Thursday, May 24, 2018

Worship @ The Welcome Table

As we move toward our first Welcome Table worship gathering, here's a reprise of last year's blog post about the name, The Welcome Table...


On Sunday, June 3, from 5:00-7:00, we’ll gather at the Winthrop Wesley Center for our first Welcome Table worship gathering.

The earliest Christians framed worship, Communion, and their community life together around the table. Their gatherings happened in homes, where sharing food, building community, and growing in faith happened simultaneously. Acts 2 tells us that "the believers devoted themselves to the apostles' teaching, to the community, to shared meals, and to their prayers."

Jesus used the image of the Great Banquet to teach his followers about God’s unfolding kingdom. The bountiful table, with room for whoever may come, paints a picture of God’s lavish grace, God’s boundless love for us. The welcome table is the heavenly banquet where God’s people will gather in eternity and at the same time it is each and every simple table around which God’s people gather on earth to fellowship, worship, and serve.

African-American slaves sang with expectation: “I’m gonna sit at the welcome table… I’m gonna sit at the welcome table, one of these days.” Jesus taught us to pray that kingdom would "come on earth as it is in heaven.”

The communion table provides a central gathering place for Christian worship. We gather around the table to remember the sacrificial love of Jesus, to be nourished by our connection with Christ, to proclaim that Christ's table extends to welcome his people in all places and at all times, and to be sent out into God's world to be agents of grace.

When we gather around the table, with all our imperfections and with all our our brokenness, with all our wishful thinking and bone-weary longing, we anticipate the kingdom of God that is already beginning to break into our world.
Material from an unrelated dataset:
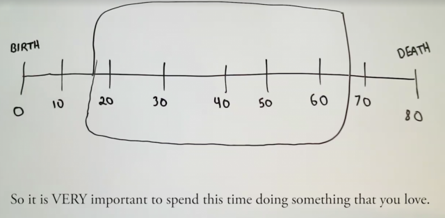 Hän piirtää koko elämänmittaiselle janalle boksin, joka kattaa työelämän. Se alkaa ennen kahtakymmentä ikävuotta ja loppuu kuudenkympin jälkeen. Visualisointi osoittaa, kuinka valtava osa elämästä työn parissa vierähtää. Niiden (vuosien) ei pitäisi olla vain “pois hoidettavia”, “perjantain odottamista”, “läpipääsemistä” tai “eläkkeen odottamista”, sanoo Unkle Adams videolla.

We catch glimpses of the great redemption project that God is already working out for us and for all of creation.

If you are a seeker, a doubter, a do-gooder, or a backslider, you are welcome at Jesus’ table. If you are an outcast, a misfit, or a loner, you are welcome at Jesus’ table. If you are struggling or stable, anxious or ecstatic. If you are stuck in a rut or living on the edge, you are welcome at Jesus’ table. No matter where you are from, what you are going through, or how you feel about yourself, you are welcome at Jesus’ table.

And you are invited to our table - to The Welcome Table - Sunday, June 3. Worship will begin at 5:00pm and a short organizational meeting will follow. So, come, pull up a chair... There's a place at the Table for you!

Wednesday, May 2, 2018

Surprised by Resurrection



We weren’t living in this house last year at this time. We owned the house, but were in the midst of renovations and were still living in an apartment.

A few weeks ago - around Holy Week - with recent rains and unseasonably warm weather, lots of green things began poking their heads up out of the ground around here. By the big oak tree, thirty daffodils sprouted in unison, overnight it seemed. The first green leaves of iris emerged from the pine needles in front of the house. Will their flowers be white, purple, yellow? (They turned out to be a beautiful peach I’d never seen before.) Of course, the white blossoms of those infernal Bradford pears had also appeared, and with them the smell…


We had watched as things died back last fall. We saw grasses and brambles in the fields brown and harden and return to the ground. We watched as leaves flashed brilliant reds, yellows, and oranges, before littering the yard and filling the gutters. We put the lawn mower into hibernation in the barn. As days grew shorter and temperatures colder, we looked out over silent, barren fields.

We had watched as things died, as things went undercover, dormant for a season. But we hadn’t yet experienced the new life of spring.

In Romans 6:5, Paul writes:
“For if we have been united with [Christ] in a death like his, we will certainly be united with him in a resurrection like his.”
In the midst of death and despair, anxiety and loneliness, monotony and madness, may we be surprised by resurrection. May we experience the creative presence of God pushing new life up to the surface from places we imagined only to be dead.

Where do you see (or desperately want to see) signs of new life in yourself, your relationships, your family? In your church or community or workplace? In the wider world?